This isn't the first time the topic has come up, which makes sense, given how long we've been in beta. In November 2010, we talked a little bit about how to get our numbers up. One of the 15 "Top 7" questions is about how to promote the site.

And it's a problem that all beta sites deal with. Some just deal with it better ... and some have an easier time of it because of their audience. (Arqade, for example.) Either way, our goal has to be reaching a sustainable volume of good questions that can get us out of beta: if we seed questions, at some point we'll run out. If we lower the quality threshold, then even if we do get out of beta, we become just another site, with the added bonus of having to explain why these old questions were all closed while these new questions are allowed.

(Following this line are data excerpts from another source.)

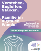 Die Fachstelle Strategische Medienbildung Thüringen führt in Kooperation mit dem Thüringer Ministerium für Soziales, Gesundheit, Arbeit und Familie (TMSGAF) und dem Ministerium für Bildung, Wissenschaft und Kultur (TMBWK) 2026 ein neues Elternabend-Format durch:
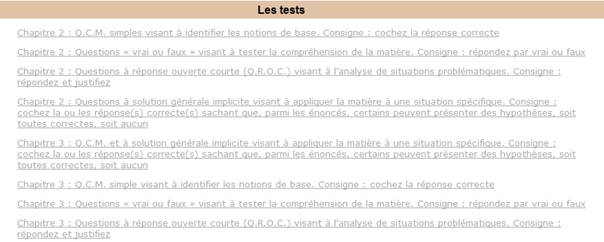 - Les QCM vrai/faux destinés à tester la compréhension de la matière présentée dans les vidéo.
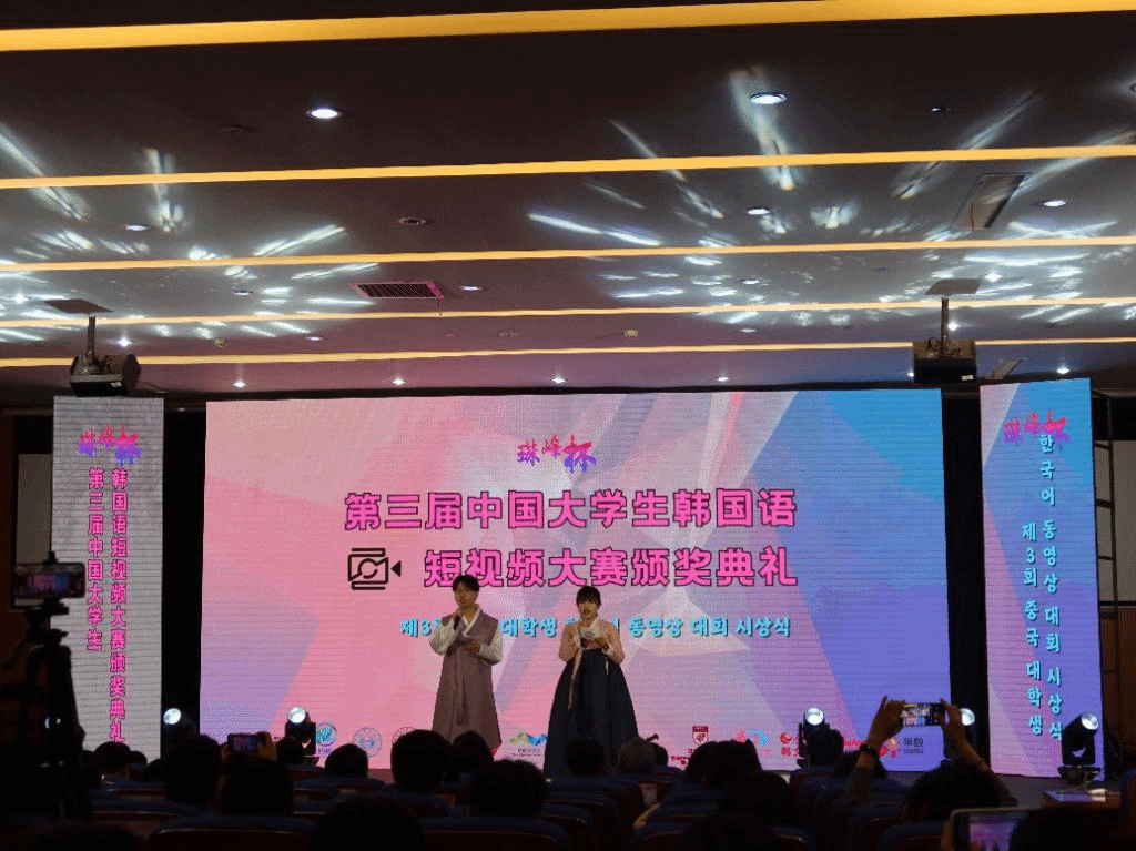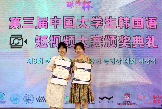 在7月5日结束的珠峰杯•第三届中国大学生韩国语短视频大赛中,我校BV伟德官方网站朝鲜语专业六名同学从来自全国各高校朝鲜语专业的众多作品中脱颖而出,斩获佳绩,并受邀前往杭州师范大学参加颁奖典礼。其中2020级朝鲜语专业陈婧如、林榕灿获得全国二等奖,2020级朝鲜语专业(商务方向)代白鋆、谭晶以及2021级朝鲜语专业张金梁、宋楚涵获得全国三等奖。同时,分别为三组同学提供指导的任翔老师、具滋元老师和魏国峰老师获得了优秀指导教师奖。

I think Alex has the right idea - more people asking more questions about more games. goldPseudo touches on some of the problem, that there are a lot of games that are designed not to bring up questions. (Chutes and Ladders, right?) But there are plenty of games that do bring up questions, as we've seen with MTG. We just need to tap those audiences (uh, not in a MTG sense), and that means pretty much the same thing it does for everyone else.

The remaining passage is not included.